Wallinger (Chigwell, 1959) is one of the most prominent contemporary artists living and working in Great Britain today. Known for his investigations of identity and a career-long engagement with ideas of power, authority, artifice and illusion, he works in a wide range of media, covering painting, sculpture, photography, film, installation, performance and public art. Wallinger was nominated for the Turner Prize in 1995 and won in 2007 for his installation State Britain, an exact replica of peace campaigner Brian Haw’s protest camp in London’s Parliament Square.

On view at Centro Pecci will be central works from different phases of Wallinger’s career, giving an insight into the artist’s manifold practice. The first work the visitors will encounter is Ecce Homo (1999-2000), the first sculpture to occupy the fourth plinth in Trafalgar Square in London. The persecuted and tortured figure was a question mark that punctuated the square’s stone and bronze figures that serve to embody the beliefs of a nation. Behold the man, surrounded by doubt, awaiting the judgement of the question, "Is he ordinary and mortal or will he live forever?"

Wallinger approaches issues of racial and cultural stereotyping head-on in the photographic work "Passport Control" (1988), a series of passport photographs of himself overworked with felt-tip pen, Tip-Ex and then enlarged. Given developments in geopolitics in recent times and increased paranoia at international borders, this was highly prescient.

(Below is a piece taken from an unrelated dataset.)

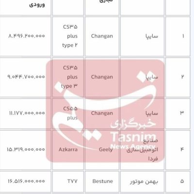 تبصره: قیمت مندرج در جدول شماره ۱، قیمت قطعی در مبادی ورودی بوده و هزینهها و عوارض قانونی بعد از ترخیص از قبیل: بیمه شخص ثالث، مالیات بر قیمت افزوده، هزینههای شماره گذاری، اسقاط خودروی فرسوده، کرایه حمل و … به قیمتهای فوق اضافه میگردد که واردکنندگان با مراعات آیین نامه اجرایی قانون حمایتاز مصرف کنندگان ماشین می توانند نسبت به دریافت آن عمل نموده و در موعد مقرر نسبت به تحویل ماشین عمل نمایند.
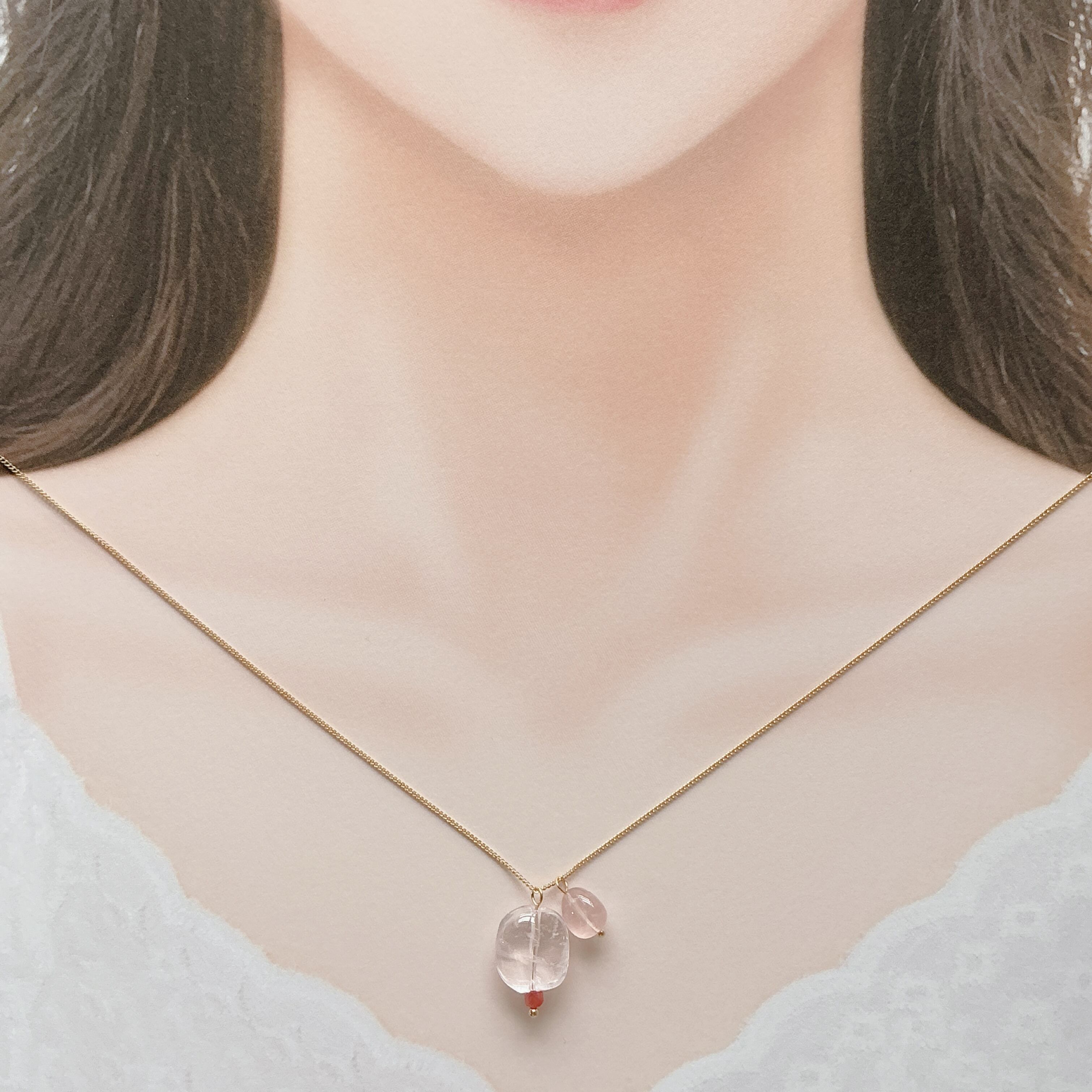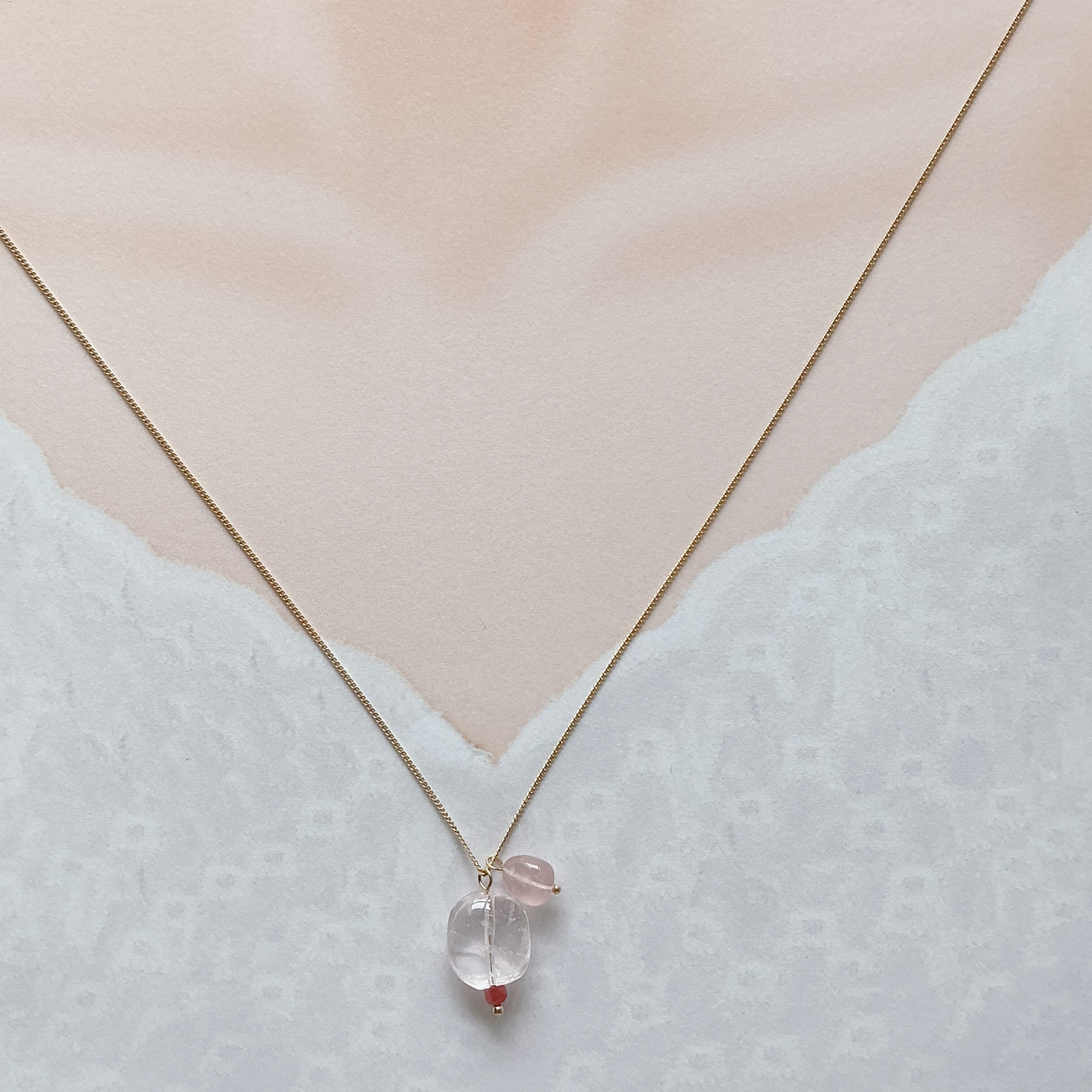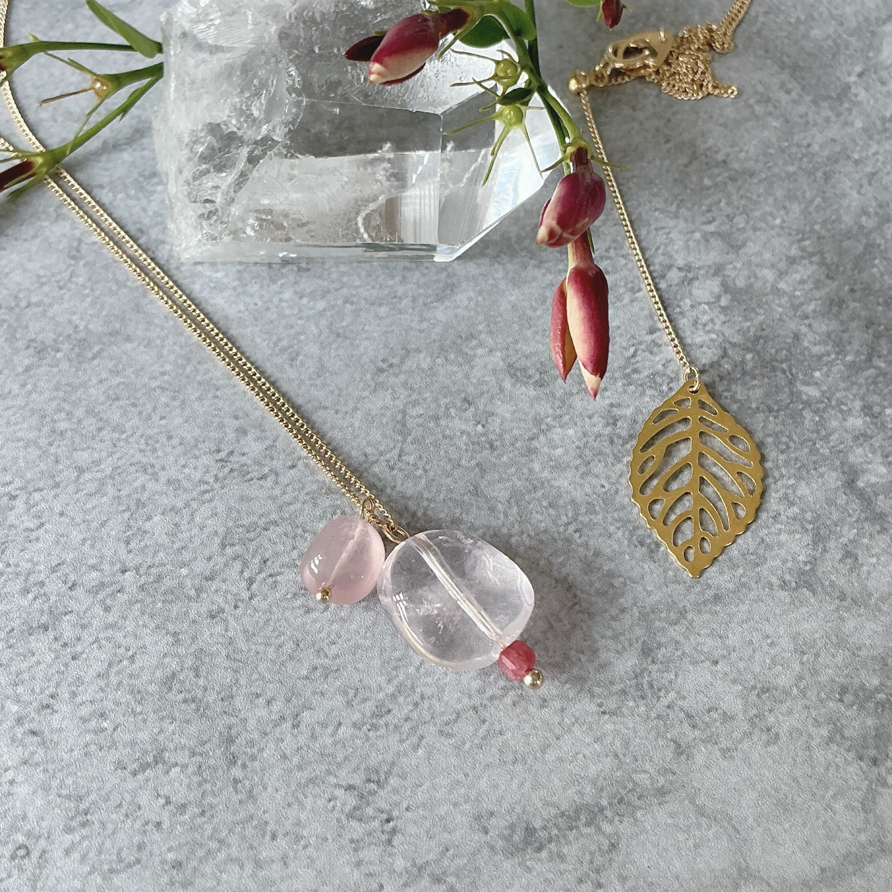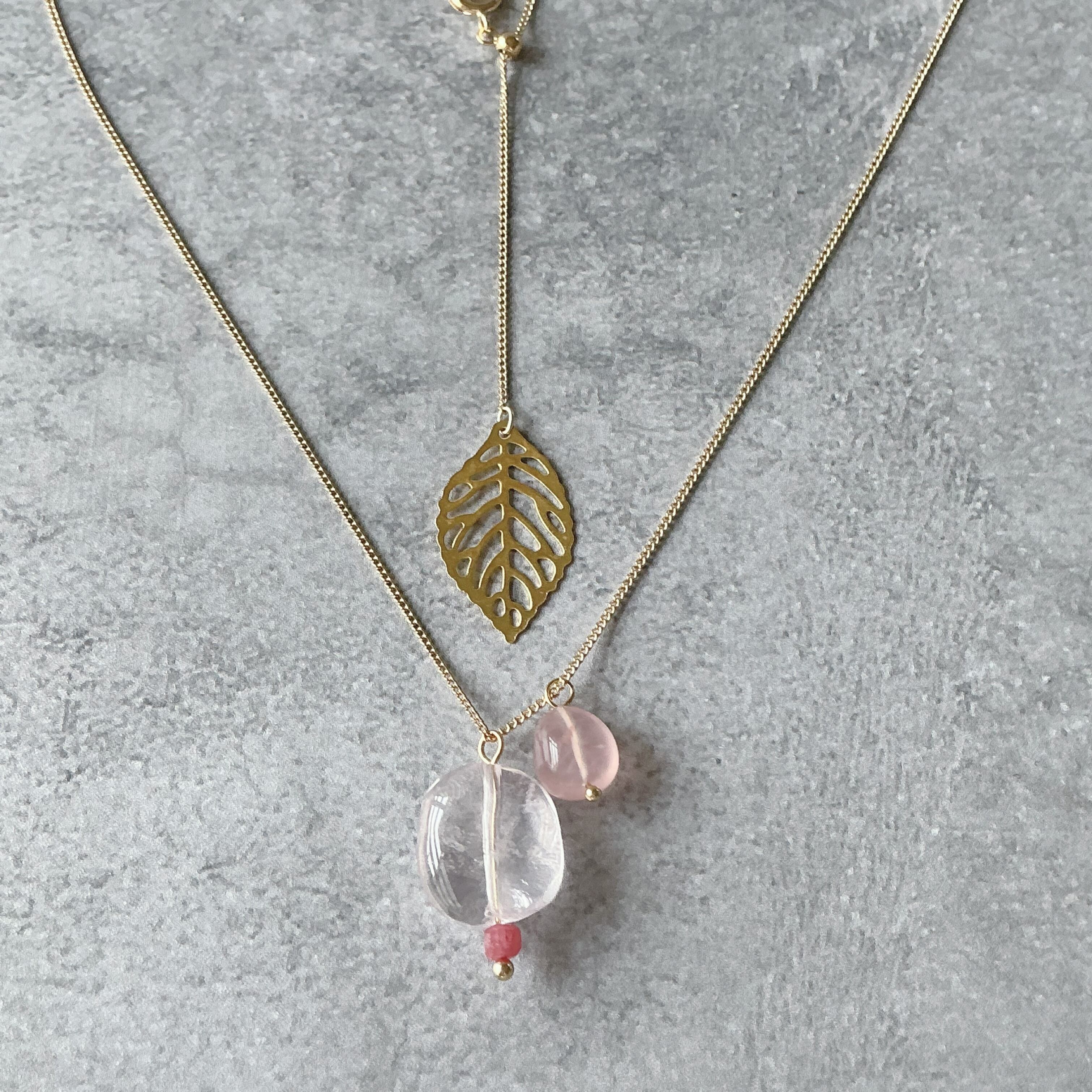 マダガスカル産の大粒のローズクオーツにインペリアルロードナイトと、同じマダガスカル産の濃いピンクのディープローズクオーツを添えてネックレスに仕上げました。

The "id Paintings" (2015-2016), have grown out of Wallinger’s extensive series of "Self Portraits," and they reference the artist’s own body. His height—and therefore his arm span—is the basis of the canvas size. Wallinger uses symmetrical bodily gestures on the two halves of the canvas to mirror one another, recalling the bilateral symmetry of Leonardo da Vinci’s Vitruvian Man and more explicitly the Rorschach test. In recognising figures and shapes in the material, the viewer reveals their own desires and predilections while trying to interpret those of the artist.

Self Portraits (2007-2015), Wallinger’s extensive series that takes the capital "I," the word we all have for ourselves, and tries to extract some expressive force from it and Self (Symbol) 2017, a capitalized "I" in Symbol font, is aggrandized as a three-dimensional statue the height of the artist.

For Shadow Walker (2011) the artist filmed his shadow walking ahead of him, the figure the sun draws on the London street assuming an autonomous existence as "real" as the artist’s actual body. In MARK (2010) the artist chalked the title all over the city of London within the parameters of single standard sized brick. This deadpan tagging is rendered as a photographic slideshow, each "MARK" at the vanishing point of 2,265 images.

The Unconscious (2010) are huge blow-ups of jpegs that Wallinger found on the Internet, each portraying someone asleep on public transport. The images lack the solidity of high-resolution photographs, as if their subjects are partially leaking away from the callous world of public transport, drifts of interference encroaching protectively from the dimension of sleep.

Pietre Prato (2018) is a new site specific work created for the exhibition. These numbered stones, with their inherent contrast of human labour and the monumental timescale of geology, catalyse thoughts of mortality, of catalogues of the vanished and anonymous.

The exhibition concludes with two epic video documentations. We follow the work of three scaffolders on a beach in Construction Site (2011), as they erect a tower aligned perfectly to the horizon, only to disassemble it and start all over again, while all through the night the artist, dressed in a bear suit, wanders the glassy immensity of Berlin’s Neue Nationalgalerie in Sleeper (2004).